MasterCraftByHenry said:


> I am a master painter from Germany
> As a master painter from Europe with 50 years experience I can hopefully set the record straight as to why we use ammonia in our paint. It is strictly for Etching the surface to create a greater adhesion of the latex paint. The recipe is 1 cup ammonia to a 1 gallon of paint.
> Similarly we use a bit of bleach in paint if there is a surface that has issues with black mold.
> Under no circumstances should bleach an ammonia ever be mixed together. This creates a caustic solution that will attack the lining of the lungs and esophagus. I hope that I have been able to answer your questions.


We waited more than 12 years for you to answer this question you know. All of us huddling around our computers day-in and day-out. 

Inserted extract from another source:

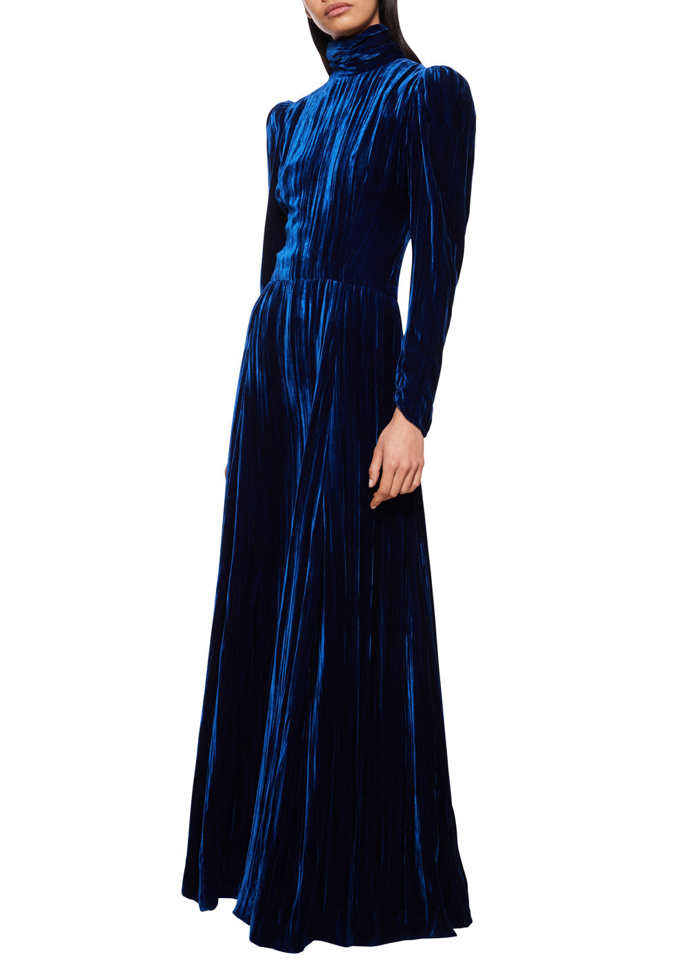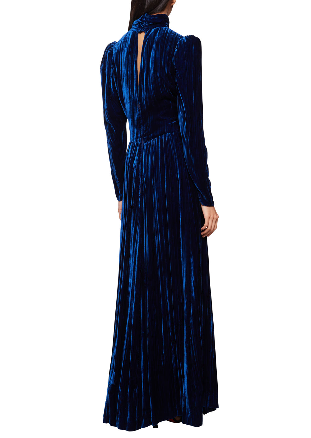 This vintage 1930s Navy gown, in an elegant crushed velvet features a high neck line with raised capped shoulders and keyhole detailing at the back of the neck.

Playing chemist and altering the pH and overall composition of any architectural paints would void any/all manufacturer's warrantees and is ill-advised. If you wanna throw some paint stew in a pot and slop it on your own home, fine. Not on a paying customer's home. Instead of mixing stuff in paint to eliminate a step in prep, (and that's what it seems you're doing), how about just etching first when you need to etch and using bleach to kill mold on surfaces before you paint? 
What's next? Adding a bunch of water to the paint so it cleans before it paints?
Maybe adding a 5-in-1 and some trash bags to the paint so it could unmask for you after it dries?


----------



## Redux (Oct 27, 2018)

MasterCraftByHenry said:


> I am a master painter from Germany
> 
> As a master painter from Europe with 50 years experience I can hopefully set the record straight as to why we use ammonia in our paint. It is strictly for Etching the surface to create a greater adhesion of the latex paint. The recipe is 1 cup ammonia to a 1 gallon of paint.
> Similarly we use a bit of bleach in paint if there is a surface that has issues with black mold.
> Under no circumstances should bleach an ammonia ever be mixed together. This creates a caustic solution that will attack the lining of the lungs and esophagus. I hope that I have been able to answer your questions.


One problem with adding bleach to paint is the byproduct sodium chloride salts becoming entrapped in the film, sodium chloride being hygroscopic & absorbing liquid water and atmospheric moisture into and beneath the film (more commonly known as chloride entrapment in the architectural coatings industry). Chloride entrapment can result in osmotic blistering, and can also promote re-growth of mildew/premature decay of wood substrates.


----------



## Joe67 (Aug 12, 2016)

Some topics just don't die, I guess...


----------



## Workaholic (Apr 17, 2007)

What's funny is I was scrolling through and liking a few posts and was like 2009 wtf? 

Bottom line is adding ammonia by the quart seems like foolishness to this guy.


----------